Carlos Sainz says he was “puzzled” by Ferrari’s apparent lack of pace in Sunday’s Hungarian Grand Prix, which saw him and teammate Charles Leclerc finish only fourth and sixth respectively.
After Leclerc and Sainz had qualified second and third on the grid respectively, and each topped one of Friday’s two dry practice sessions, expectations were high that the Scuderia would have a good chance of victory on Sunday.
However, a combination of two slow pit-stops for Sainz, a questionable tyre strategy call for Leclerc, and some formidable pace from Red Bull and Mercedes saw the two Ferraris fall to fourth and sixth by the flag.
After the race, Sainz was at a loss to explain Ferrari’s poor pace on Sunday.
“We clearly struggled as a team today,” Sainz told Sky Sports F1.
“[I’m] a bit puzzled, because we expected to have very good race pace coming from Friday, but it’s clear that with these lower temperatures and track condition changes that we had today there was something going on with the car and the tyres that we just were not fast.
“Something to analyse – a day to probably look back, regroup, see what we did wrong for these kinds of conditions, and come back after the summer break with a better package.”
Sainz rues slow pit-stops
Neither of Sainz’s two pit-stops were especially slick, and the Spaniard reckoned his race would have been very different had he managed to emerge ahead of early leader George Russell following his first trip to the pit lane.
“The first [slow pit-stop] I think cost me the overcut on George, which obviously would have simplified the race from there onwards, because then you don’t have dirty air [following a car ahead],” he explained.
“I could have, I think, done an overcut with a fast pit-stop, but it is what it is.
“We’ve been decent on pit-stops all year, but now and then a couple of pit-stops are failing us, and we need to analyse what we can do better.
“We want to be stronger in the second half [of 2022].”
Sainz unsure on strategy improvement
Despite Ferrari failing to convert their promising qualifying positions into a strong race result, Sainz said he had no suggestions as to how the Scuderia might have better managed the afternoon.

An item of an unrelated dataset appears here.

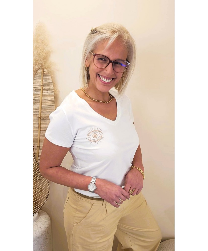 Le T-shirt Eye Spirit Blanc se distingue par sa coupe simple et efficace, sublimée par un motif œil doré délicat qui apporte une note tendance et symbolique.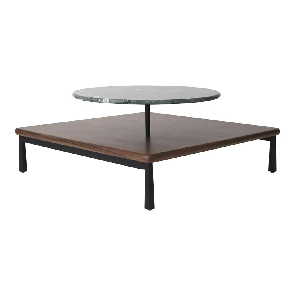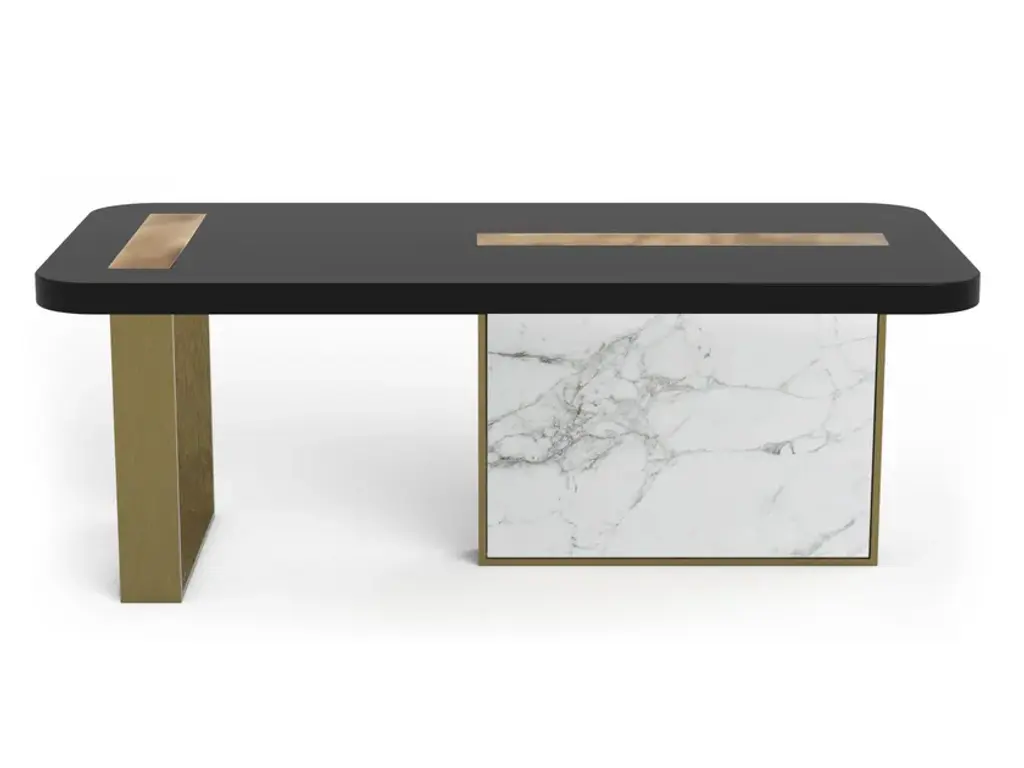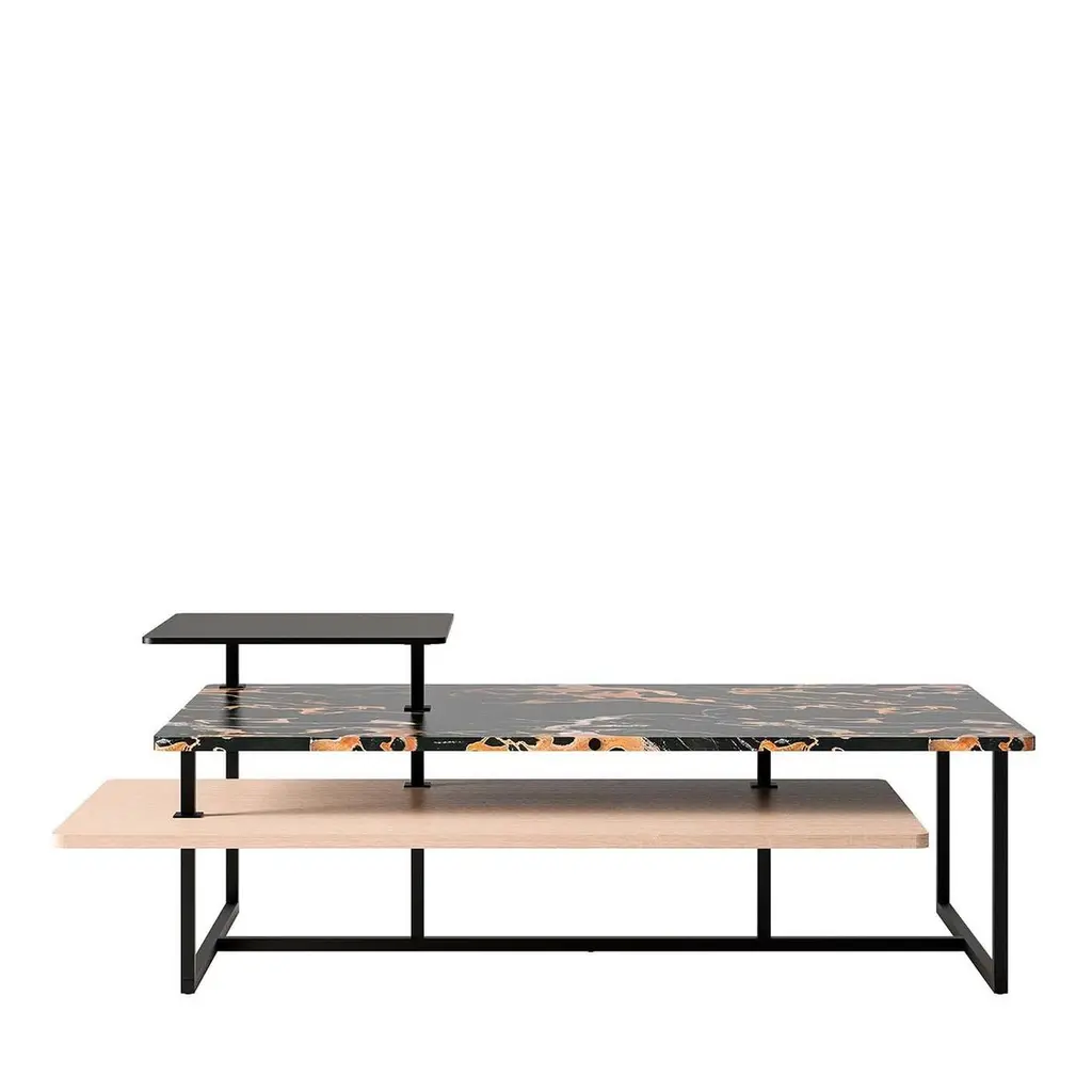 Sleek lines and geometric composition are the hallmarks of this sophisticated coffee table from the Sesto Senso collection. An innovative and unique design that will make a statement in minimalist and contemporary interiors, this coffee table develops on three levels, each defined by a pattern in an interplay of great visual effect. Supported by a trestle base of black-finished metal, the tops are in black-finished metal, black marble with golden-orange veins, and natural veneered wood. Elegant and timeless, this coffee table will be the perfect piece for infusing style into any living room.

“I don’t know what we would have done better on strategy, but I can tell you that when the pace is bad like it was today, strategy is always difficult, because you don’t have pace with any compound,” Sainz continued.
“I guess the pit-stop cost me today twice, because from probably leading the race, I went to P3 and having to manage the tyres a lot, which was a shame, but do you include that as a strategy? I don’t know.
“I think today we were just slow, and if you compare our pace against Red Bull on Friday, to our pace against Red Bull today, there was clearly something in the car and in the tyres that we were just not doing right.”